Record Q1 Revenue Driven by MDC Acquisition
Consolidated net sales increased by ¥1,169億 to ¥8,940億 (Q1 record), with international sales rising ¥1,397億 to ¥2,576億 largely due to the MDC acquisition.
Gross Profit Increased Despite Margin Pressure
Gross profit rose by ¥185億 to ¥1,796億, although gross profit margin declined 0.6 percentage points to 20.1%.
Domestic Detached Housing Strength
Detached-house sales increased ¥41億 to ¥1,050億; gross profit margin improved 1.3pp to 23.6%; operating profit rose ¥14億 to ¥61億; 1棟当たり単価 increased ¥205万円 to ¥5,453万円.
Stock-Type / Rental Business Growth and High Occupancy
Stock-type sales rose ¥68億 to ¥2,189億 and operating profit increased ¥37億 to ¥244億. Rental-housing management sales +¥76億 to ¥1,795億; operating profit +¥40億 to ¥197億; operating margin improved 1.9pp to 11.0%. Sha Maison units: 723,000 with 98.2% occupancy.

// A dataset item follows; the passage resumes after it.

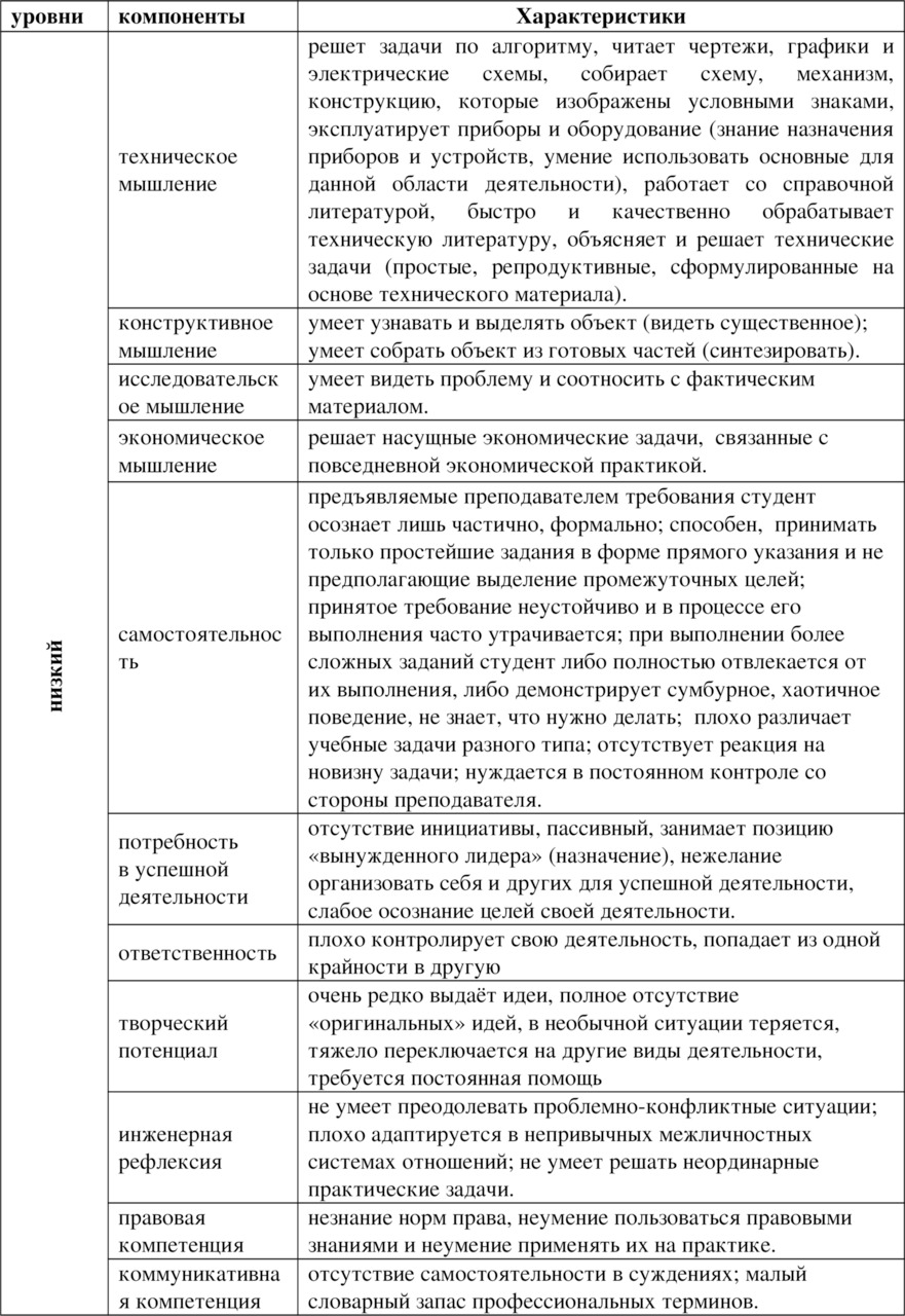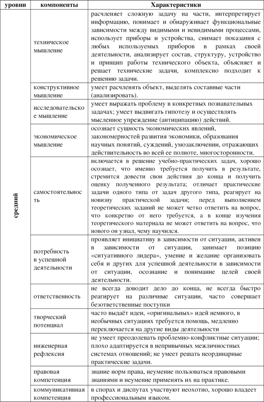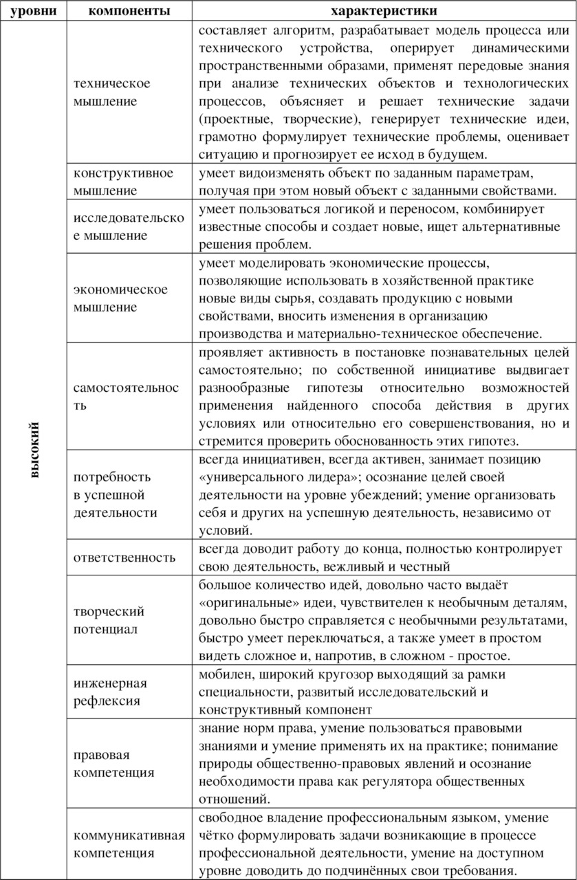 Нам удалось выделить на основе различных исследований компоненты инженерного мышления, необходимых для становления компетентного специалиста в области инженерной деятельности: техническое мышление (умение анализировать состав, структуру, устройство и принцип работы технических объектов в измененных условиях); конструктивное мышление (построение определенной модели решения поставленной проблемы или задачи, под которой понимается умение сочетать теорию с практикой); исследовательское мышление (определение новизны в задаче, умение сопоставить с известными классами задач, умение аргументировать свои действия, полученные результаты и делать выводы); экономическое мышление (рефлексия качества процесса и результата деятельности с позиций требований рынка); самостоятельность и оперативность в выборе стратегий деятельности; потребность в успешной деятельности и в признании достижений со стороны специалиста; ответственность за конечный продукт своей деятельности; творческий потенциал, способствующий выполнению комплекса исследовательских действий в проблемной ситуации; инженерная рефлексия (основа для саморегуляции эмоционального состояния в условиях нервно-психического напряжения); правовая компетенция.

Construction & Building Profitability Improved
Building & civil engineering sales +¥25億 to ¥772億; operating profit +¥28億 to ¥55億; operating margin improved 3.6pp to 7.2% due to better project margins and proper cost pass-through.
Order Backlogs and ZEH Adoption
International orders increased ¥1,956億 to ¥3,764億; overall detached-house orders modestly down 2.6% but high-end orders and order unit price increased; 2024 ZEH ratio for detached houses reached a record 96% (Sha Maison ZEH 78%).